As shown in Table 4 and Figure 4, the manganese extraction rate is dependent on the molar ratio of manganese to carboxylic acid and its salt, and the total amount of carboxylic acid and carboxylate is 1.0 mol with respect to 1 mol of manganese in the yeast to be extracted. In the above case, it was found that the manganese extraction rate was very high, 65% or more.

(Test Example 5: Evaluation of solubility)

1 g of the yeast extract powder containing high manganese obtained in Test Examples 4 to 9 was diluted in 100 mL of water or apple juice (a beverage containing 10% by volume apple juice, Asahi Beverage Co., Ltd.), and a yeast extract containing high manganese 1% (mass / Volume) solution was prepared.

And the turbidity of each solution was obtained by measuring the absorbance (O.D.660) at a wavelength of 660 nm using a spectrophotometer (U-2000 type, Hitachi Corporation).

In addition, after centrifuging each of the solutions at 3,000 rpm for 5 minutes, the presence or absence of precipitation was observed.

In addition, as a control, mineral yeast Mn2 (Oriental Yeast Industrial Co., Ltd.; no extraction) was added so that the manganese content was the same, the turbidity of the solution was measured, and the presence or absence of precipitation after centrifugation was evaluated. The results are shown in Table 5, Fig. 5a (aqueous solution before centrifugation), Fig. 5b (aqueous solution after centrifugation), Fig. 5c (beverage containing apple juice before centrifugation) and Fig. 5d (beverage containing apple juice after centrifugation). .

sample menstruum OD 660
(1% solution) Observation evaluation Observation evaluation after centrifugation Test Example 5-1 Yeast extract with high manganese content water 0.010 Clear and clean aqueous solution. No precipitate was observed. Test Example 5-2 Mineral yeast Mn2 water 11.89 Suspension. A precipitate was observed (yeast). Test Example 5-3 Yeast extract with high manganese content Drink with apple juice 0.010 Clear and clean aqueous solution. No precipitate was observed. Test Example 5-4 Mineral yeast Mn2 Drink with apple juice 10.20 Suspension. A precipitate was observed (yeast).
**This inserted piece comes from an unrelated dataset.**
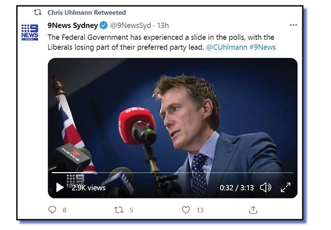 Have a captain’s at this retweet of his to promote that Nine news item.

The turbidity of the aqueous solution of Test Example 5-1 was significantly lower than that of the aqueous solution of Test Example 5-2. In addition, the aqueous solution of Test Example 5-1 in FIG. 5A was significantly clearer and clearer than the aqueous solution of Test Example 5-2 visually. On the other hand, as a result of centrifuging the aqueous solution at 3,000 rpm for 5 minutes in FIG. 5B, the precipitate was not confirmed in Test Example 5-1, but the aqueous solution was clear and clean, whereas the precipitate was confirmed in Test Example 5-2.
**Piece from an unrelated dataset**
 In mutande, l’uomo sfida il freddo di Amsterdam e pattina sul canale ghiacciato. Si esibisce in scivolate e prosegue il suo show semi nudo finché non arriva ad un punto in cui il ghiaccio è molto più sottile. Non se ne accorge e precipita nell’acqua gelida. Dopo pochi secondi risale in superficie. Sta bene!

These results were the same in Test Example 5-3 and Test Example 5-4 using a beverage containing apple juice instead of water.

Therefore, since the yeast extract containing high manganese of the present invention has high solubility, it can be added to liquid foods and beverages, and does not induce turbidity or discoloration. It can be used in addition to beverages.

(Test Example 6: Evaluation of smell and taste)

Manganese high content yeast extract powder obtained in Test Examples 4 to 9 (hereinafter referred to as “powder”), 1% (mass/volume) aqueous solution of the powder, apple juice (a beverage containing 10% by volume apple juice, Asahi Beverage Co., Ltd.) ) To 1% (mass/volume) of the powder (hereinafter referred to as “apple fruit juice”), and 14 g of formula (Cirumiru, Morinaga Dairy Co., Ltd.) dissolved or suspended in 100 mL of water. 1% (mass/mass) of the powder dissolved in an aqueous solution (hereinafter referred to as “milk”), nutritionally controlled food (May Balance (yogurt taste), Meiji Co., Ltd.) (Hereinafter referred to as "flow type") was prepared so that it became a mass).

<Evaluation method>

The powder, the 1% aqueous solution of the powder, the apple juice, the milk and the formula for yeast or yeast extract-specific odor (“extract odor”, “metal odor, unpleasant odor”) and taste (“extract taste”, “Metallic taste, strange taste, bitter taste”) was evaluated by six evaluators. In addition, only the smell of the yeast extract powder containing high manganese was evaluated.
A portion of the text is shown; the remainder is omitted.